Data under study |
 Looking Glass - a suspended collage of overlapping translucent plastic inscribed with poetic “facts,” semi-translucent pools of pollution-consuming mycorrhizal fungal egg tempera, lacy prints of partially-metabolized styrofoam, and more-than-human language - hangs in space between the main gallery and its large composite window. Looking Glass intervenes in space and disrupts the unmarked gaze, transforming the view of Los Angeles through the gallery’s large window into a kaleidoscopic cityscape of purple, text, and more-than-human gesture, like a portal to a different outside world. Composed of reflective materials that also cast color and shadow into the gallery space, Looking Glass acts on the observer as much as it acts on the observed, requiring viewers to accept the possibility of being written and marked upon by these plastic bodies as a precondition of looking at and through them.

==

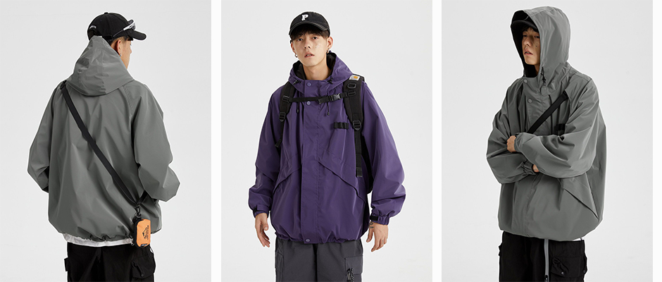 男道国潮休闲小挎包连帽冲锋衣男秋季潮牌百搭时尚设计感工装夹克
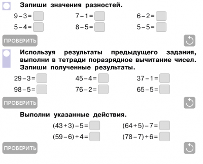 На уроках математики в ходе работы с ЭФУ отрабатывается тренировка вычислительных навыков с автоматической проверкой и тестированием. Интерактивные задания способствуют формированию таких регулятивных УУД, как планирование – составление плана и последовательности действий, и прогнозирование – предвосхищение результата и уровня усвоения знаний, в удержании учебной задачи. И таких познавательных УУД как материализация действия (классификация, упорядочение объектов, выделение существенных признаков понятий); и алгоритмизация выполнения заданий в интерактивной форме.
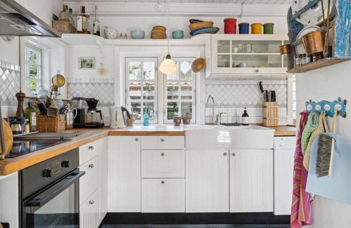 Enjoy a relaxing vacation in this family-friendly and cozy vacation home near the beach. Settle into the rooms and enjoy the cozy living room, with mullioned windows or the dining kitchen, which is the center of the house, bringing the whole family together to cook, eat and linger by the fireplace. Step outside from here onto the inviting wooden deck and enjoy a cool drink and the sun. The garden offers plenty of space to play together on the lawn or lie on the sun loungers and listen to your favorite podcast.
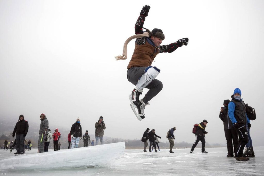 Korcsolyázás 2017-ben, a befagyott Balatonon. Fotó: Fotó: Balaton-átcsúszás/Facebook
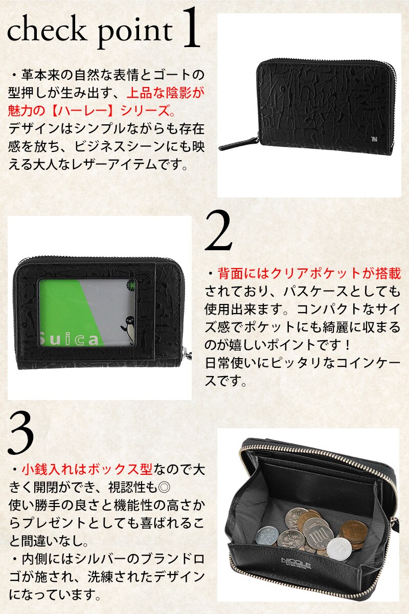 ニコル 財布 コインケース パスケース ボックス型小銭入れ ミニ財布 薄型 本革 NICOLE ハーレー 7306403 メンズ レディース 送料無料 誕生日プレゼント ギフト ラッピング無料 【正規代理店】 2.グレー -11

Exercise goal | Nothing but the lines above from the one that has "Korcsolyázás 2017-ben, a" down to the one that has "ニコル 財布 コインケース" belongs in the answer, copied exactly, without pictures.

Worked solution |
 Korcsolyázás 2017-ben, a befagyott Balatonon. Fotó: Fotó: Balaton-átcsúszás/Facebook
 ニコル 財布 コインケース パスケース ボックス型小銭入れ ミニ財布 薄型 本革 NICOLE ハーレー 7306403 メンズ レディース 送料無料 誕生日プレゼント ギフト ラッピング無料 【正規代理店】 2.グレー -11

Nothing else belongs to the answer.